(Extracted records)
—————
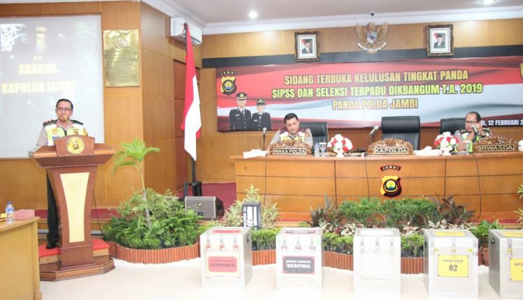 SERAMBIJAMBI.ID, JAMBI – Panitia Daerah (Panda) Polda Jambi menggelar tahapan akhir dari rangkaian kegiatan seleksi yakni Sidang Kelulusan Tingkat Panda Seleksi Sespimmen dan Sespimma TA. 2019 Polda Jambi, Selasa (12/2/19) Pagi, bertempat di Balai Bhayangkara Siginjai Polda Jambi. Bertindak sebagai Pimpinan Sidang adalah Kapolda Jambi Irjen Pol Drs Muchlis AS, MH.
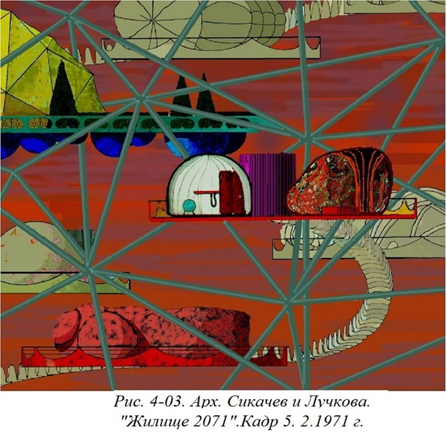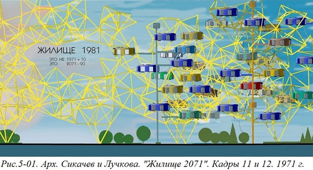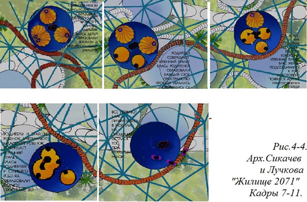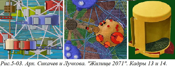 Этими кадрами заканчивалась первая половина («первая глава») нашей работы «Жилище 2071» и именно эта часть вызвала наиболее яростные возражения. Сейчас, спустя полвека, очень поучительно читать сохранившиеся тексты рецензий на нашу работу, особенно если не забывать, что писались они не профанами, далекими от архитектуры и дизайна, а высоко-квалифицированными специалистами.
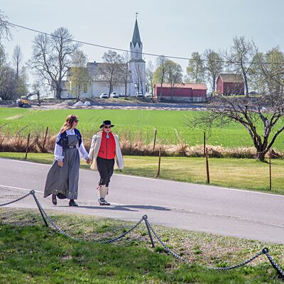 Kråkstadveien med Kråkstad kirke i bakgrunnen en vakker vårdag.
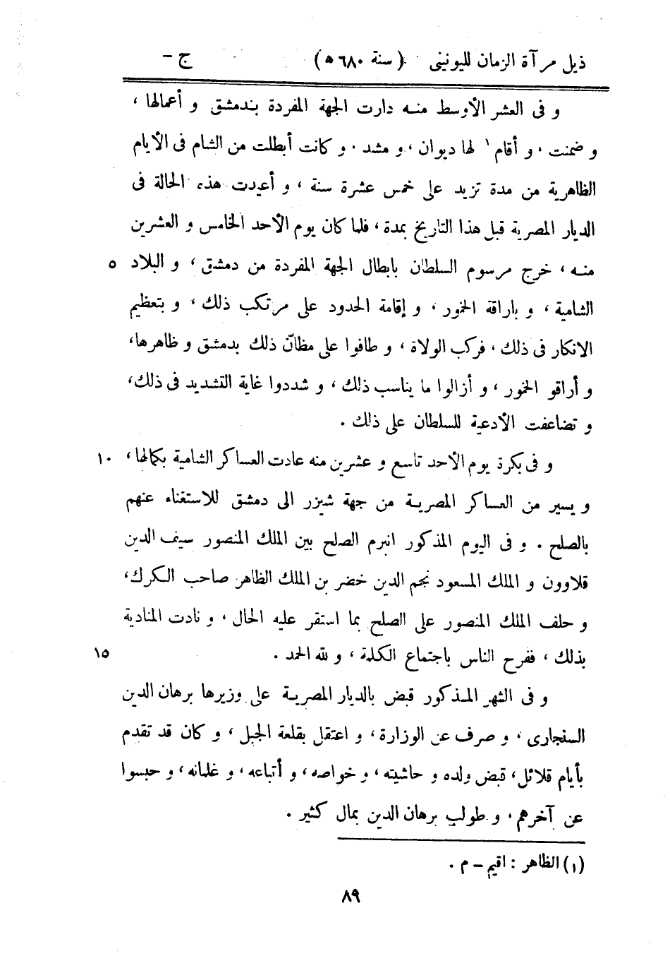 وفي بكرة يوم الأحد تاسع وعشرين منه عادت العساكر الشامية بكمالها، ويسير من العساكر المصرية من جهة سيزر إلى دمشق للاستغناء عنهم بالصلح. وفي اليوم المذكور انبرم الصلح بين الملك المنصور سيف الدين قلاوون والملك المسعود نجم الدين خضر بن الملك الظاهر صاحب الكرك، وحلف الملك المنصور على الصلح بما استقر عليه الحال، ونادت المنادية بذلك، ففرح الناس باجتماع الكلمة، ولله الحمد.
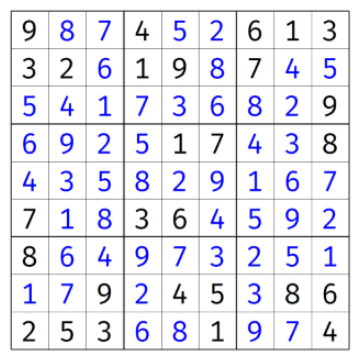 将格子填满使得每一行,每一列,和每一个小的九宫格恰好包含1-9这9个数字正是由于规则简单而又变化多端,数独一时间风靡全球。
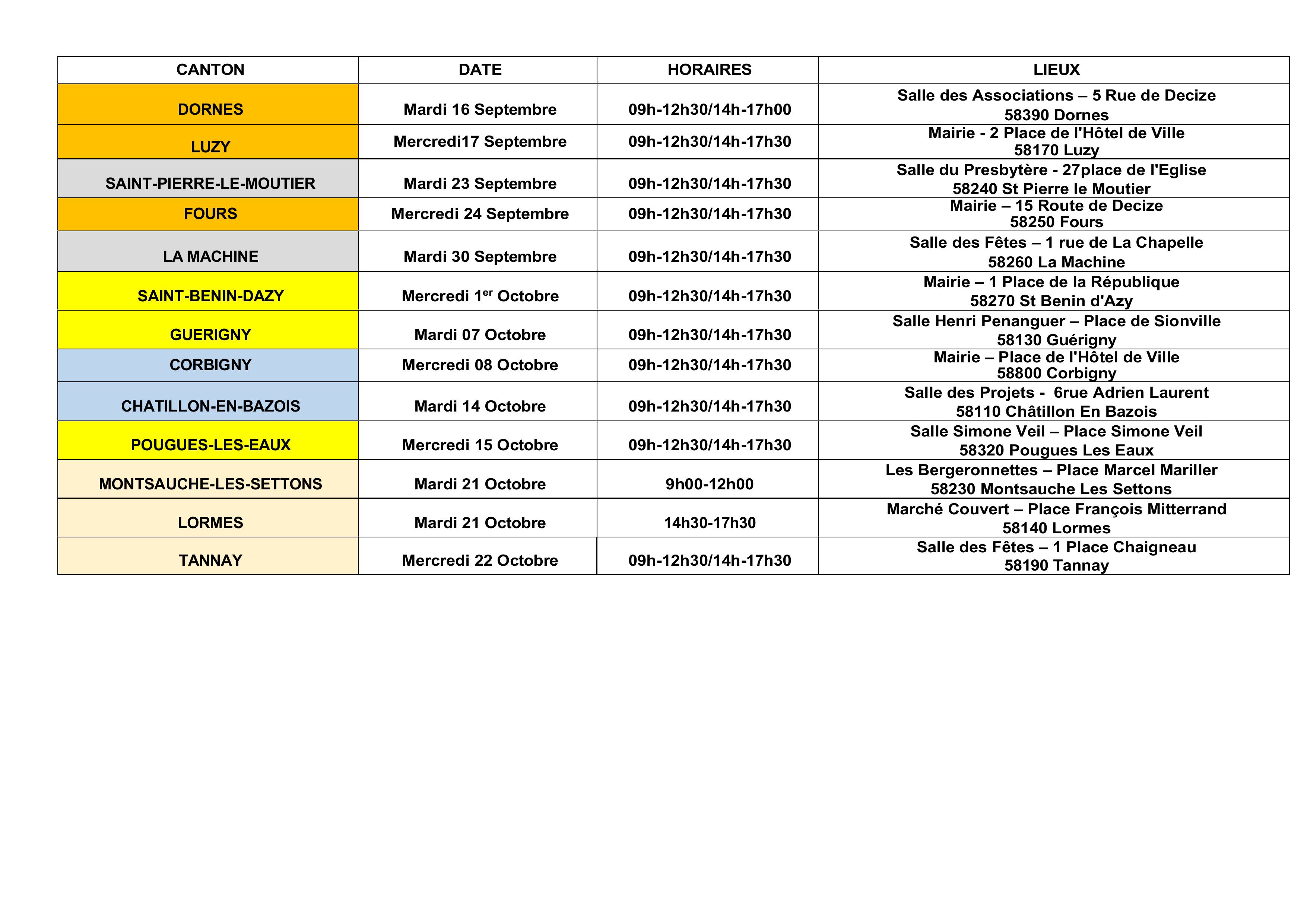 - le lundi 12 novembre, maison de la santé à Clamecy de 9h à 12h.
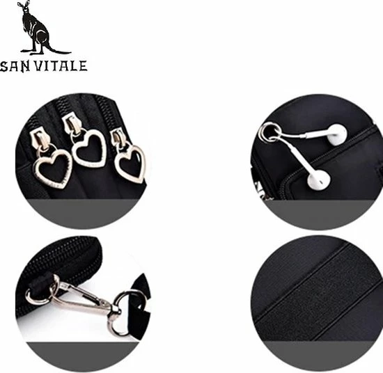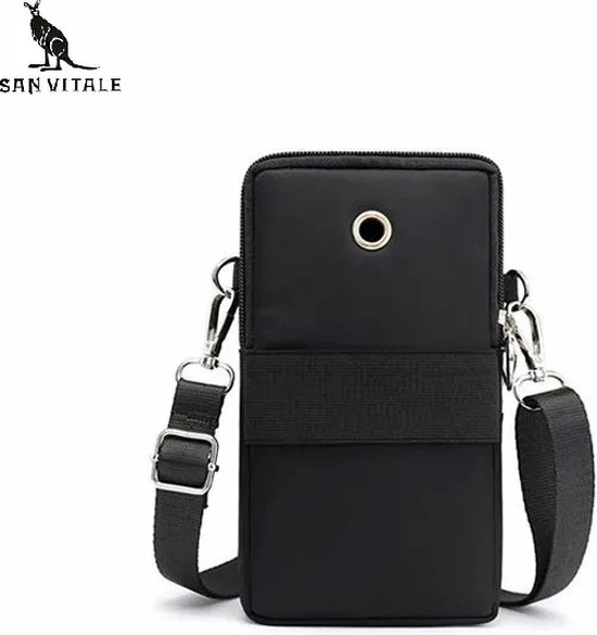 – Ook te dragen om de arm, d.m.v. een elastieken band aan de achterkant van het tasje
—————
REQUIRED WORK
Return each of the lines exactly as they appear above, with no images.

EXERCISE SOLUTION
 SERAMBIJAMBI.ID, JAMBI – Panitia Daerah (Panda) Polda Jambi menggelar tahapan akhir dari rangkaian kegiatan seleksi yakni Sidang Kelulusan Tingkat Panda Seleksi Sespimmen dan Sespimma TA. 2019 Polda Jambi, Selasa (12/2/19) Pagi, bertempat di Balai Bhayangkara Siginjai Polda Jambi. Bertindak sebagai Pimpinan Sidang adalah Kapolda Jambi Irjen Pol Drs Muchlis AS, MH.
 Этими кадрами заканчивалась первая половина («первая глава») нашей работы «Жилище 2071» и именно эта часть вызвала наиболее яростные возражения. Сейчас, спустя полвека, очень поучительно читать сохранившиеся тексты рецензий на нашу работу, особенно если не забывать, что писались они не профанами, далекими от архитектуры и дизайна, а высоко-квалифицированными специалистами.
 Kråkstadveien med Kråkstad kirke i bakgrunnen en vakker vårdag.
 وفي بكرة يوم الأحد تاسع وعشرين منه عادت العساكر الشامية بكمالها، ويسير من العساكر المصرية من جهة سيزر إلى دمشق للاستغناء عنهم بالصلح. وفي اليوم المذكور انبرم الصلح بين الملك المنصور سيف الدين قلاوون والملك المسعود نجم الدين خضر بن الملك الظاهر صاحب الكرك، وحلف الملك المنصور على الصلح بما استقر عليه الحال، ونادت المنادية بذلك، ففرح الناس باجتماع الكلمة، ولله الحمد.
 将格子填满使得每一行,每一列,和每一个小的九宫格恰好包含1-9这9个数字正是由于规则简单而又变化多端,数独一时间风靡全球。
 - le lundi 12 novembre, maison de la santé à Clamecy de 9h à 12h.
 – Ook te dragen om de arm, d.m.v. een elastieken band aan de achterkant van het tasje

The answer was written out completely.